Of note, some authors suggested that stage characterization of classic MF should be done through correlation with the histopathological features as clinical differentiation may be challenging and very subjective.4 In this regard, dermoscopy may be of aid for a more precise definition as it may serve as a bridge between clinical and histological assessment.6 Indeed, the aforementioned dermoscopic differences among classic MF stages reflect their different histopathological background, as underlined by our dermoscopic-pathological correlation analysis.
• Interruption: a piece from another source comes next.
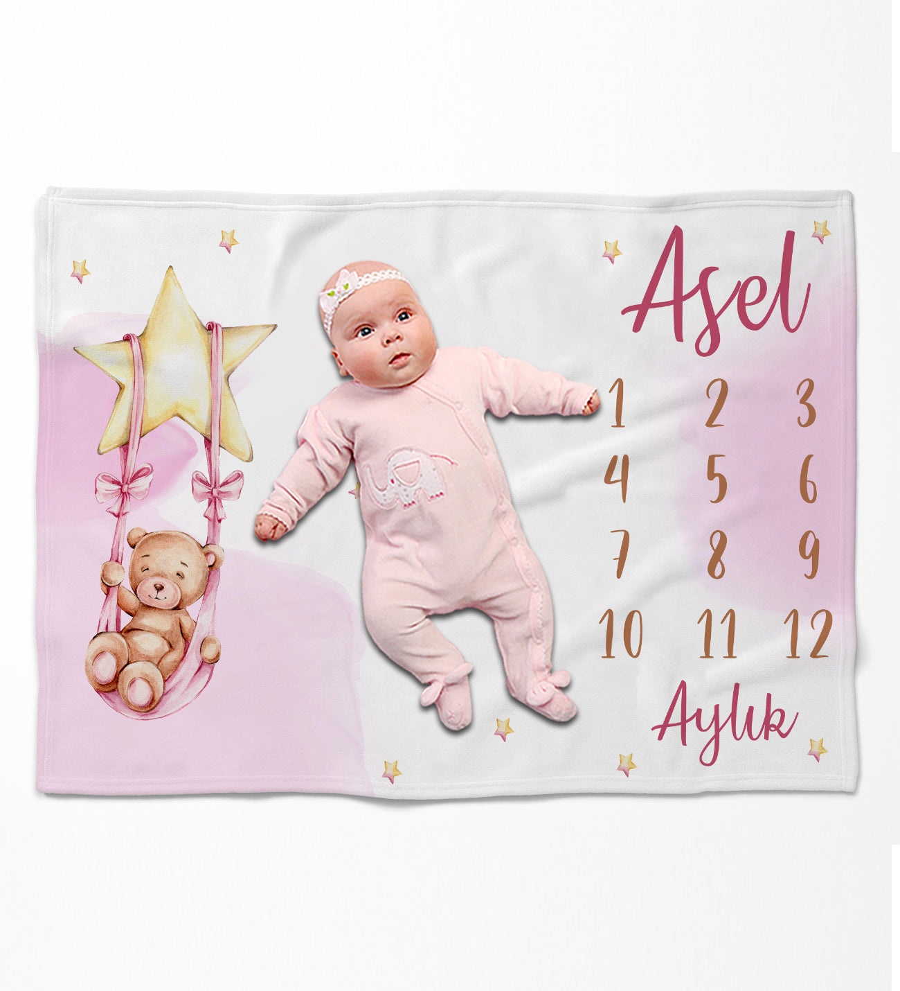Milbay Yıldızlı Ayıcık Desenli Anı Örtüsü
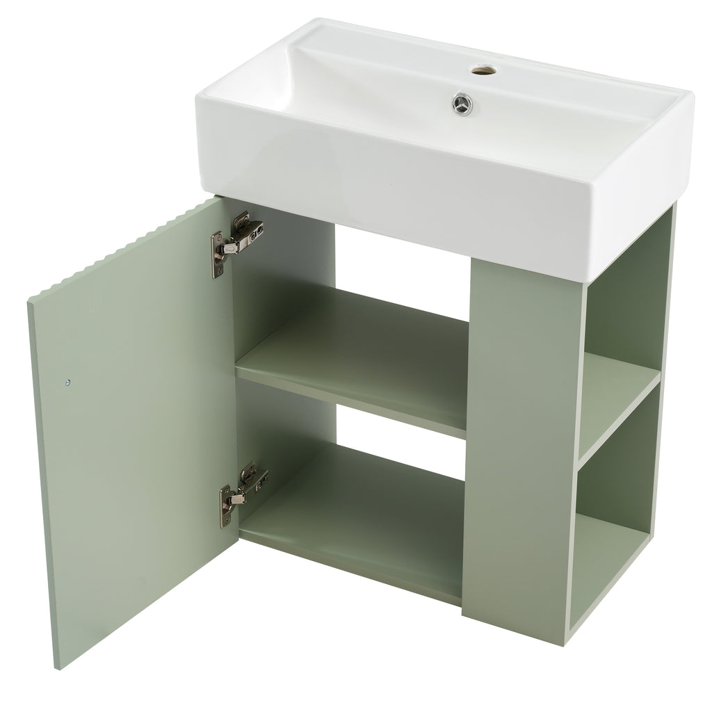 Constructed with a premium ceramic basin and equipped with an overflow hole, this cabinet guarantees both durability and safety in use. The compact dimensions of 21.6*12.2*26.4 inches make it adaptable to bathrooms of various sizes.

In particular, we observed an association between bright white structureless areas and dermal fibrosis, which is more common/marked in plaque and tumoral MF stage,12 as well as a correspondence between linear vessels with branches and ulceration and dilated arborizing dermal vessels and loss of epidermis, respectively, that are known to characterize tumoral lesions.4,12 Although we did not study the histological background of the feature termed “red globules separated by white lines”, it is likely to be related to the presence of multinodular lymphomatous cellular infiltration of the dermis, which is a possible presentation of tumoral MF stage.13 Interestingly, besides staging purposes, the link between dermoscopic and histopathological features might also come in handy to define the best biopsy site, as it may be difficult to choose the appropriate area only on clinical ground.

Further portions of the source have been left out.